Schlug bei einer Kollegin per Fax auf - die natürlich nicht Susanne heißt. Man beachte dabei ganz unten die letzte Zeile. Habs ausprobiert. Wer da anruft, landet in einem Menü, wo man sich von etwas abmelden kann, zu dem man sich - zumindest wissentlich - wohl nie angemeldet hat.


----------



## technofreak (26 April 2004)

mmh , 069 als Vorwahl, das kommt mir aber sehr bekannt vor ....

tf


----------



## sascha (26 April 2004)

technofreak schrieb:
			
		

> mmh , 069 als Vorwahl, das kommt mir aber sehr bekannt vor ....
> 
> tf



Das war auch mein erster Gedanke. Andererseits ist Frankfurt groß. Im Tipp-Menü musst/sollst Du jedenfalls tatsächlich Deine Telefonnummer eintippen. Wer weiß, was Du anschließend schriftlich bekommst. Im geringsten Fall ist Deine Nummer verifiziert und Futter für die Spammer der Welt...


----------



## technofreak (26 April 2004)

Mein erster Gedanke galt eher der im Text  aufgeführten Nummer mit dem "Verlockungsangebot" 
wo man angeblich per Fax Infos abrufen kann, (bei angeblich 75% lassen viele ihren Verstand ruhen....)
das klingt für mich mindestens so fragwürdig  wie die Nummer in der unteren Zeile. Faxabruf
 übermittelt schließlich auch bei CLIP die Rufnummer, und wer weiß, was da wieder draus
 "gebastelt" werden kann.


----------



## sascha (26 April 2004)

> Faxabruf
> übermittelt schließlich auch bei CLIP die Rufnummer, und wer weiß, was da wieder draus
> "gebastelt" werden kann.



Exakt das ist die Gefahr - eine von vielen. Über den Einfallsreichtum unseriöser Geschäftsleute bin ich trotzdem immer wieder erstaunt...


----------



## Aka-Aka (27 April 2004)

Mit der Endung -14 statt -19 ist die Nummer als ALDI-Spam-FAX notiert...

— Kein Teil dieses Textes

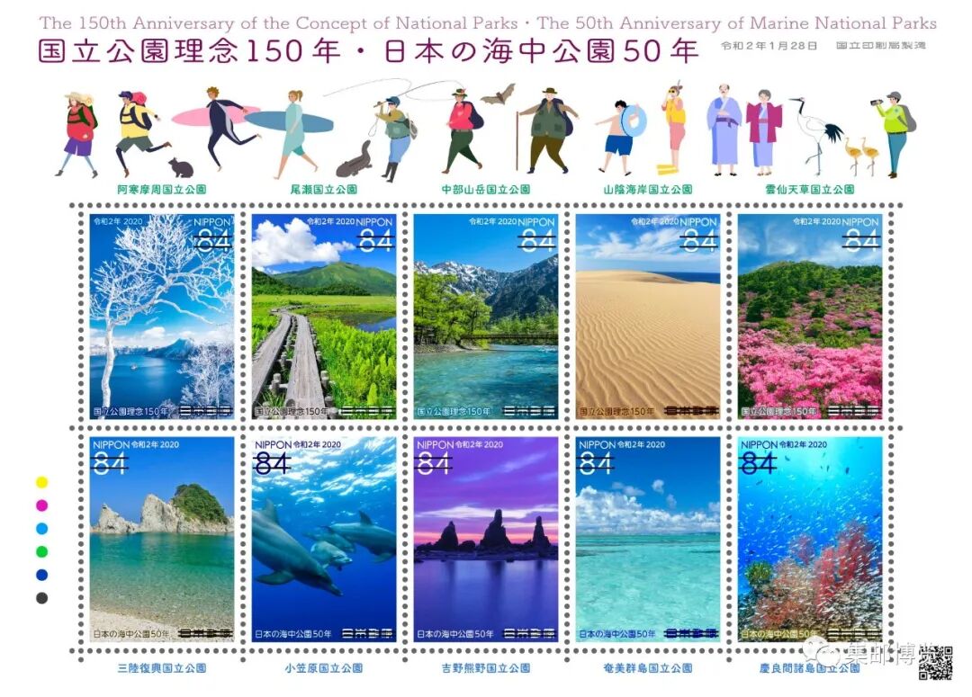 2020年1月28日,日本邮政发行一套10枚邮票,纪念国家公园理念问世150周年以及日本海洋国家公园制度设立50周年。1870年9月19日晚,一群探险者围坐在美国怀俄明州黄石地区两条河流汇合处的篝火旁,从保护生态的视角,破天荒地提出了将这里整块地盘划出来设立国家公园的设想。这次发行的10枚邮票上展现了阿寒摩周、尾濑、中部山岳、山阴海岸、云仙天草、三陆复兴、小笠原、吉野熊野、奄美群岛和庆良间诸岛国立公园的美景。

Zugeteilt ist die Nummer (afaik gilt das für alle 069-2549****) an:

Mark** Dial** GmbH.
Königsberger*** 1
60487 Frankfurt

(Quelle:  spammer-hammer , gaaanz unten stehts  )


____

edit 29.04.: Heute kam meine Frau angelaufen mit einem Fax an ihre Freundin und fragte, ob ich's kenne. Sie hätte schon mehrere gekriegt. Es ist identisch mit dem von Dir hier vorgestellten faxTja, computerbetrug/dialerschutz-Leser sind gewappnet


----------